Jackson Hewitt shares drop 23%

Stock falls $1.34 as tax preparer’s partner stops refund loans

— Shares of Jackson Hewitt Tax Service Inc. fell 23 percent Thursday, the worst on the New York Stock Exchange, after its bank partner cut off funds for tax-refund loans.

Regulators ordered Santa Barbara Bank & Trust to stop providing money, which covered about 75 percent of Jackson Hewitt’s financial products program, according to a federal filing by the Parsippany, N.J.-based tax preparer.

Jackson Hewitt, the No. 2 tax preparer behind H & RBlock Inc., dropped $1.34 to close at $4.50 in New York Stock Exchange trading, and sold for as little as $4.30. The stock has fallen 71 percent this year. H&R Block shares rose 3.7 percent to $21.59.

Tax preparers are locked in a battle for customers, with Jackson Hewitt vowing earlier this month to regain market share from H&R Block.
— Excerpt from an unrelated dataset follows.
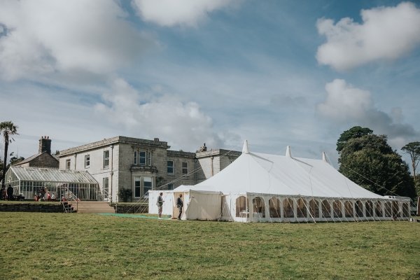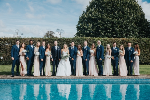 Spilling out into the sunshine after the ceremony, guests boarded double-decker buses, complete with chilled gin and tonic tins to get the party started en route to the reception at Scorrier House. A marquee in the garden meant the couple could make the most of the scenic grounds as well as the house - which housed a cocktail bar and photo booth in the main ballroom. Beautiful sunny weather meant guests were able to enjoy drinks and canapes around the outdoor pool as a jazz band played.

Firms attract clients with refund anticipation loans in which customers who need cash immediately can get a short term loan, typically lasting a few weeks, that’s based on the expected amount of their tax refund.

Jackson Hewitt, with 6,600 outlets and nearly 3 million clients, has been losing customers to Kansas City, Mo.-based H&R Block and Intuit Inc., which makes TurboTax software. It suspended its dividend in March and has hired Goldman Sachs Group Inc. to explore “strategic alternatives,” language that typically means a company may be sold.
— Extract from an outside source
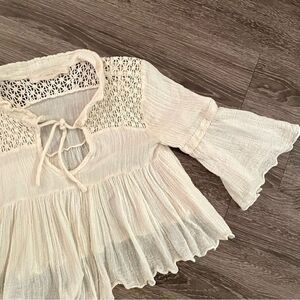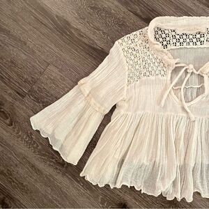 Cream crop top blouse. Small flaw near the tag on the interior of the blouse (not seen when worn)

Messages left with Jackson Hewitt spokesman Sheila Cort weren’t returned.

Consumer-advocacy groups have faulted refund anticipation loans for putting people deeper in debt and for high interest rates. The effective rates equal as much as 500 percent for a $300 loan over a 10-day repayment period, according to a study by the Consumer Federation of America and the National Consumer Law Center.
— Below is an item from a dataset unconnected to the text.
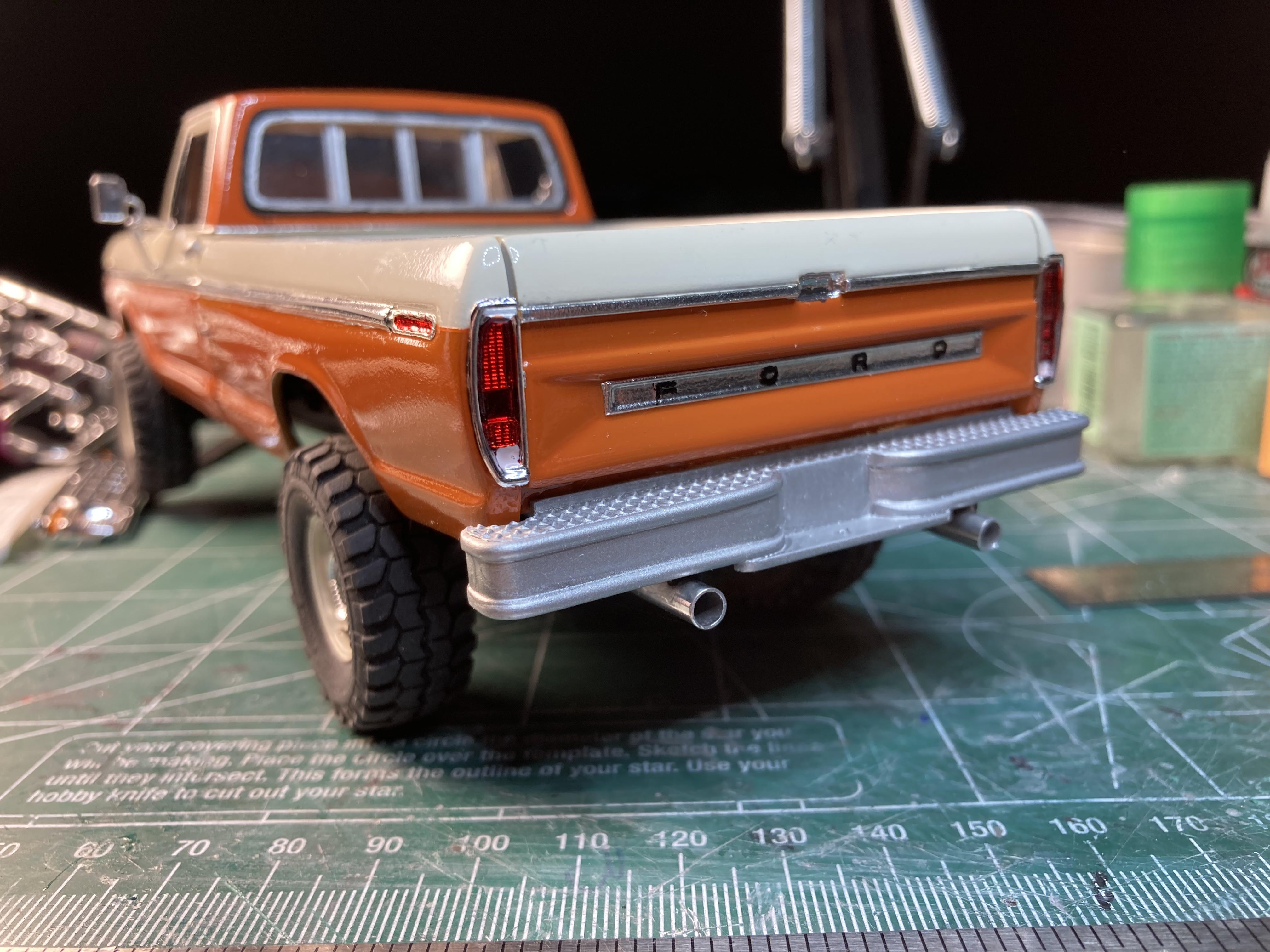 Mercuryman54 Posted July 7, 2023 Posted July 7, 2023 (edited) 1978-79 AMT Firestone Ford pickup cab and interior, Moebius 1972 Ford F-250 4x4 frame, suspension and drivetrain. Unknown manufacturer resin standard wheelbase bed (swap meet find). My own casting of an original AMT 73-75 Ford pickup grille. I added the bedside toolbox. Fireball Modelworks wheels, tires and hubcaps. Edited July 7, 2023 by Mercuryman54 added content 8

The Office of the Comptroller of the Currency told Santa Barbara Bank & Trust on Dec. 18 that the lender would not receive regulatory approval to originate refund-anticipation loans in 2010, according to a statement Thursday from the bank’s parent, Pacific Capital Bancorp. The bank signed a nonbinding letter of intent with a private equity firm to sell the tax business, the statement said.

“It will certainly lower our profitability,” said bank spokesman Tony Rossi. “The primary impetus is a desire on Pacific Capital’s part to return to its roots as a strictly community bank focused on supporting the economies of its local markets. The tax-refund loan business is a sort of niche business that falls outside of what would be considered core banking operations.”

Pacific Capital, the third biggest provider of tax-refund loans, received $180 million from the Treasury Department’s Troubled Asset Relief Program. Community groups criticized the bank for using government bailout money to make the “high-priced” refund-anticipation loans, the California Reinvestment Coalition said in a Jan. 8 statement.